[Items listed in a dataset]
____________

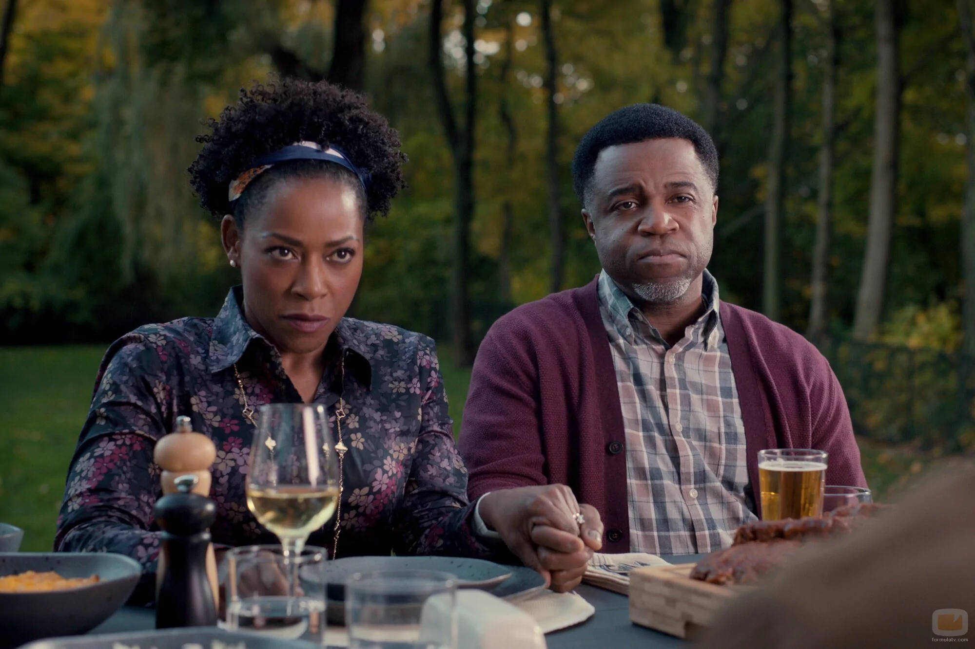 Kevin Hanchard y Karen LeBlanc aparecen en una imagen promocional del episodio 'Bu, puta' de 'Ginny & Georgia'.
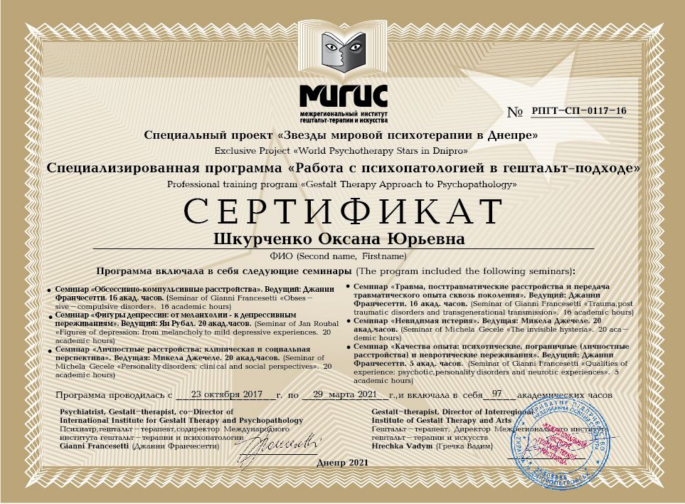 2007 – 2013 – Interregional Institute of Gestalt Therapy and Art (MIGIS) “Theory and Practice of Gestalt Therapy” (1, 2 Stages). Program led by Hrechka V. Certificate № II-ДН-0108-02.
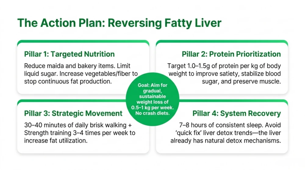 Managing fatty liver is not about temporary diets or quick fixes. It requires correcting the underlying metabolic imbalance.
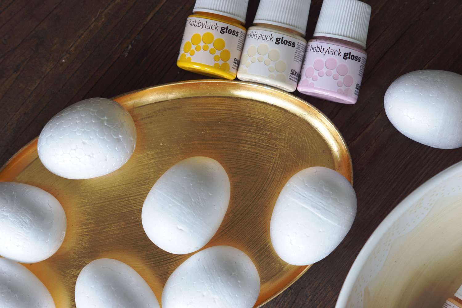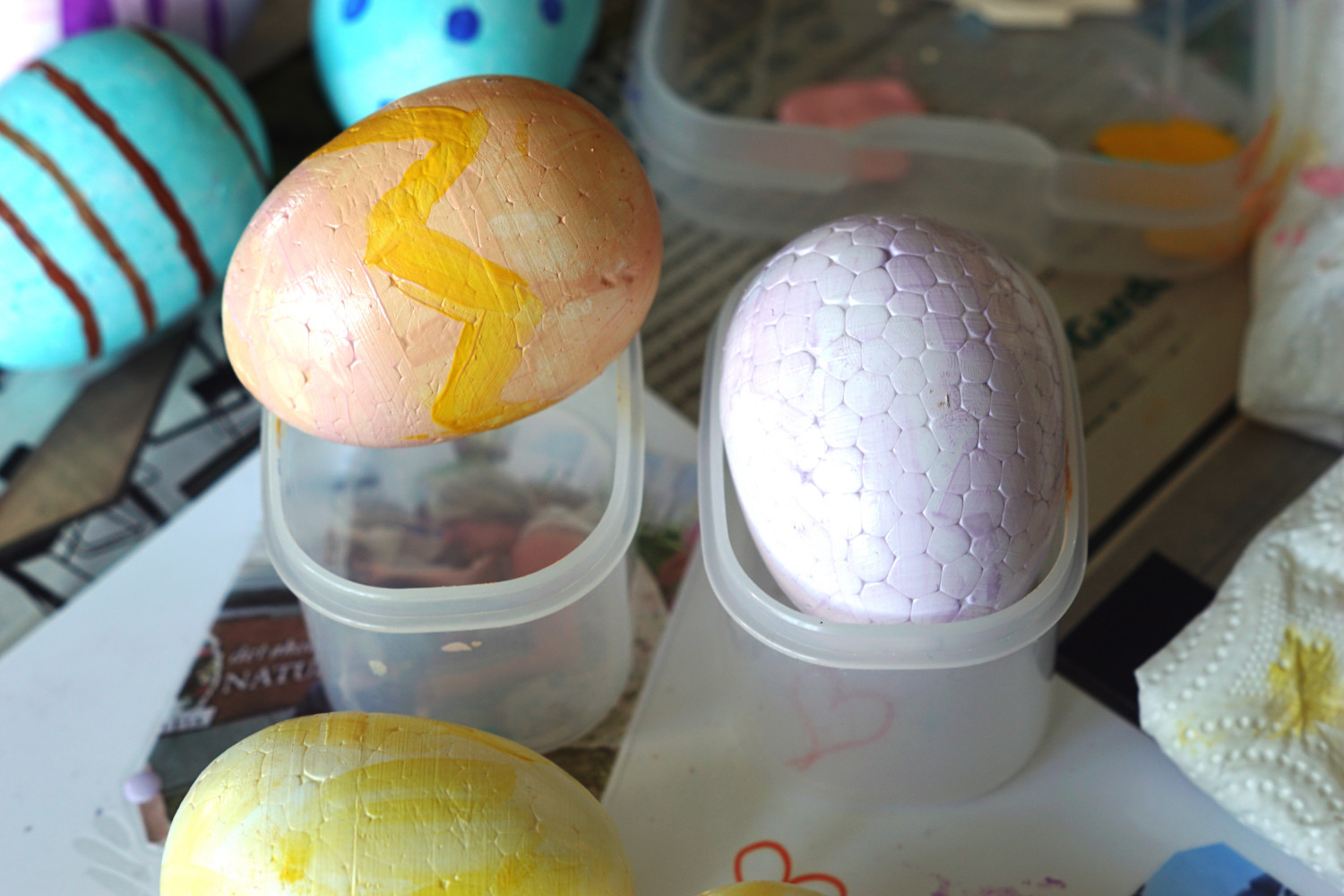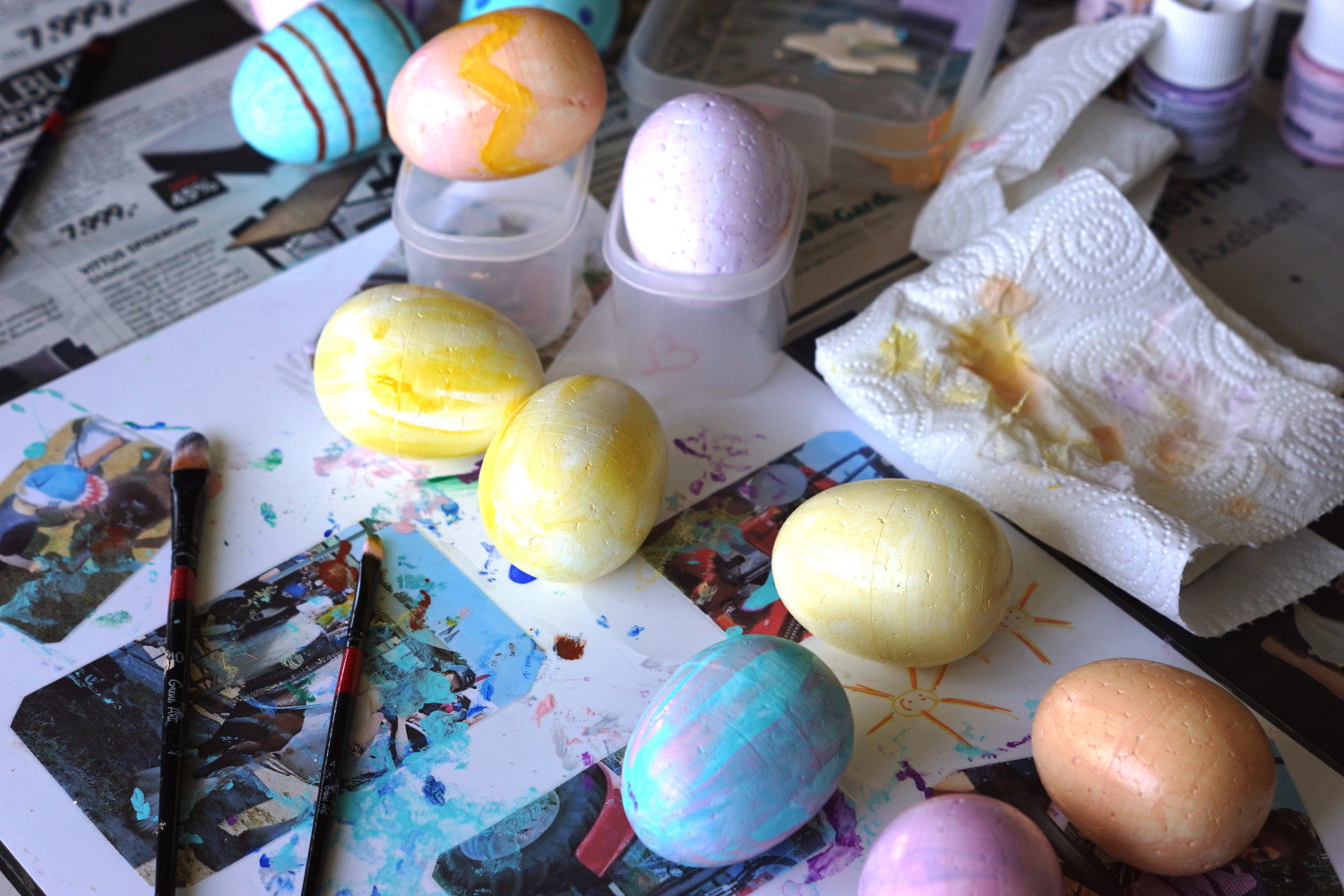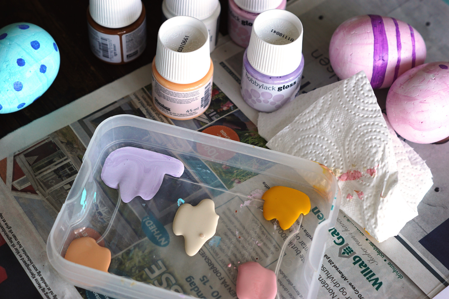 – Gammel tupperware til ophældning af maling og til at lade æggene hvile på imens de tørre (du kan helt sikkert købe fancy udstyr i hobbyforretningerne, men det her er den billige løsning)
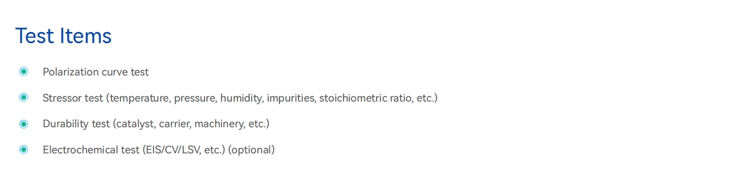 - Support sensitivity, performance (polarization curve, power curve), durability and reversal tolerance test
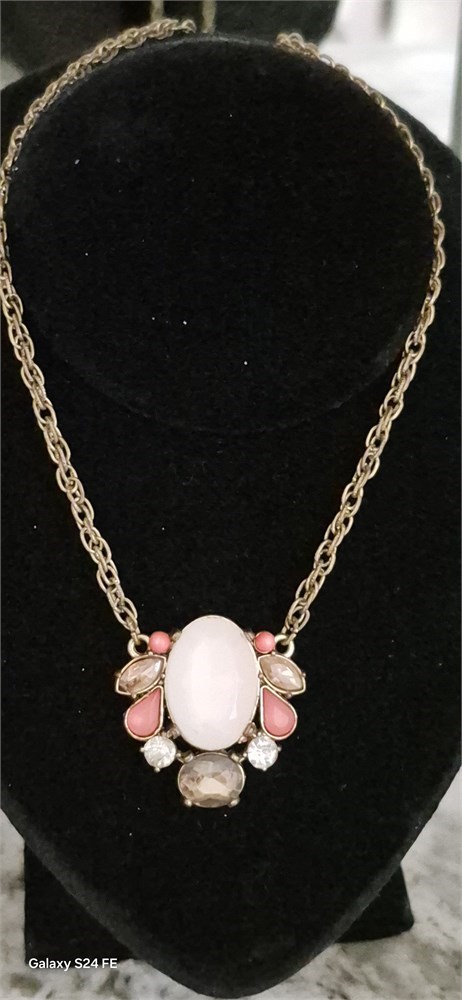 Very Pretty Monet Vintage Gold Tone Rhinestone Pendant Necklace....
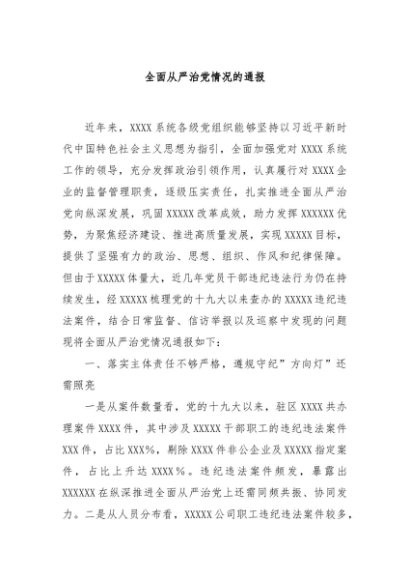 / 【七哥公文】2024年:全面从严治党情况的通报+更多免费公文+VX:QiGeGongWen2024

____________

▶ [Work item] Reproduce word for word the lines from the line with "- Support sensitivity, performance" to the end of the entries above, both included, but leave the pictures out.

▶ [Solution to the exercise]
 - Support sensitivity, performance (polarization curve, power curve), durability and reversal tolerance test
 Very Pretty Monet Vintage Gold Tone Rhinestone Pendant Necklace....
 / 【七哥公文】2024年:全面从严治党情况的通报+更多免费公文+VX:QiGeGongWen2024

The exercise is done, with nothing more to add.